Kostyuk’s trauma and day-one battles at Roland Garros

On day one at Roland Garros, Marta Kostyuk moved into the second round after beating Oksana Selekhmetova 6-2 6-3, while Karen Khachanov, Belinda Bencic and Alejandro Davidovich Fokina all fought through key moments across multiple courts. The day’s tennis was
Roland Garros opened with the kind of tennis that turns small swings into loud momentum—and with one player carrying a different kind of weight onto the court.
Marta Kostyuk, ranked 15 and seeded into the day’s schedule with nerves already stretched, beat Oksana Selekhmetova 6-2 6-3. After the match, she looked more emotional than her straightforward scoreline suggested.

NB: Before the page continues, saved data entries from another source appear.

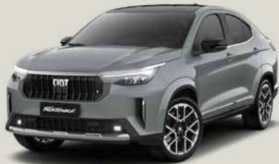
766 | GRIS STRATO + NEGRO VULCANO
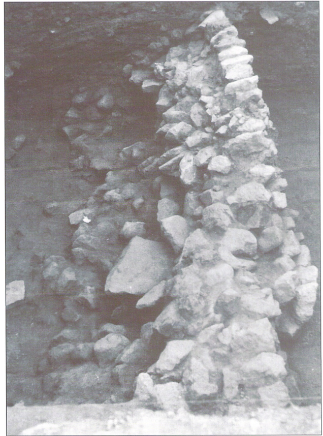
Detalle del muro 1 (sector B) donde se aprecia el potente derrumbe con buzamiento de la estratigrafía reflejada en el perfil 2.

Es un muro, o alineación de piedras, de considerable tamaño, que se encuentra muy próximo y totalmente para-
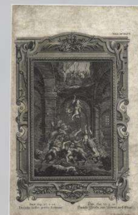
Гравюра «Врагов Даниила пожирают львы»
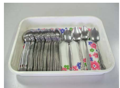
スプーン 44 本
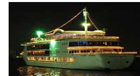
旅客不定期航路事業者 (遊覧船等)
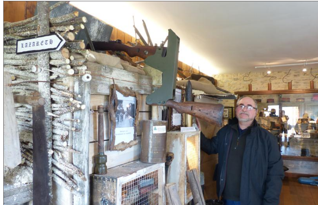
■ La bataille de la Somme vu côté Allemand. Des pièces rares comme ce poste de tir décalé avec un périscopie, sont visibles dans la tranchée.

« Le ravin du tortillard » (petit train) est le nom de cette nouvelle exposition temporaire, installée à l'espace Chaubert de la nécropole nationale Friscati-Mouton Noir. Elle sera visible au public à partir du 2 avril. Ce ravin est un lieu où se sont déroulés d'après combats (où a participé un bataillon du 69 e RI) avec prises et reprises des tranchées. Celle
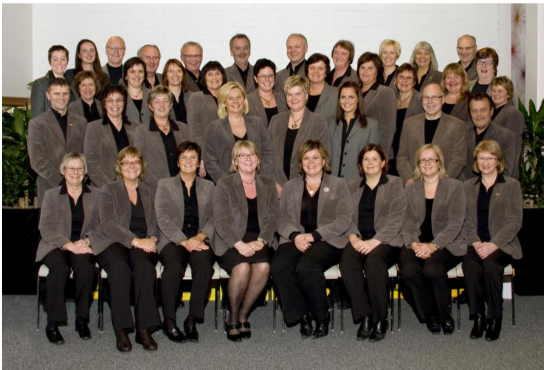
Klar til innsats—alle ansatte i Selbu Sparebank
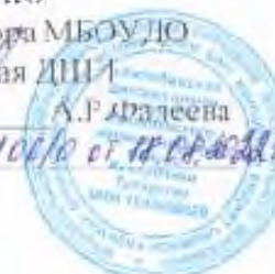
График образовательного процесса на 2022-2023 учебный год

She did not hide why. Earlier that morning, about 100m from her parents’ house, a missile destroyed a building. Kostyuk is Ukrainian. and she said she spent the morning crying and didn’t know how she’d handle what was coming next.
She kept returning to the same point: she didn’t want to talk about herself today. Holding back tears, she said her thoughts and her heart were with the people of Ukraine. Her biggest inspiration. she said. is the Ukrainian people—and that she woke up today looking at them living their lives despite being in need. She knew Ukrainians would be in the stands supporting her, and she thanked them, then the rest of the crowd.
Kostyuk’s path to the second round was already built in the earlier games. At 12.35 CEST. the updates had her moving away with a lead of 6-2 5-1 after Selekhmetova struggled to find her serving rhythm. Kostyuk tried to serve out. but again she struggled: she faced a break-point moment. saved it with a brutal backhand. and forced deuce. By the end. she did not need another long escape—she closed the match after taking the second set to 6-3.
Her next match is set: Kostyuk will play the winner of Katie Volynets v Clara Burel.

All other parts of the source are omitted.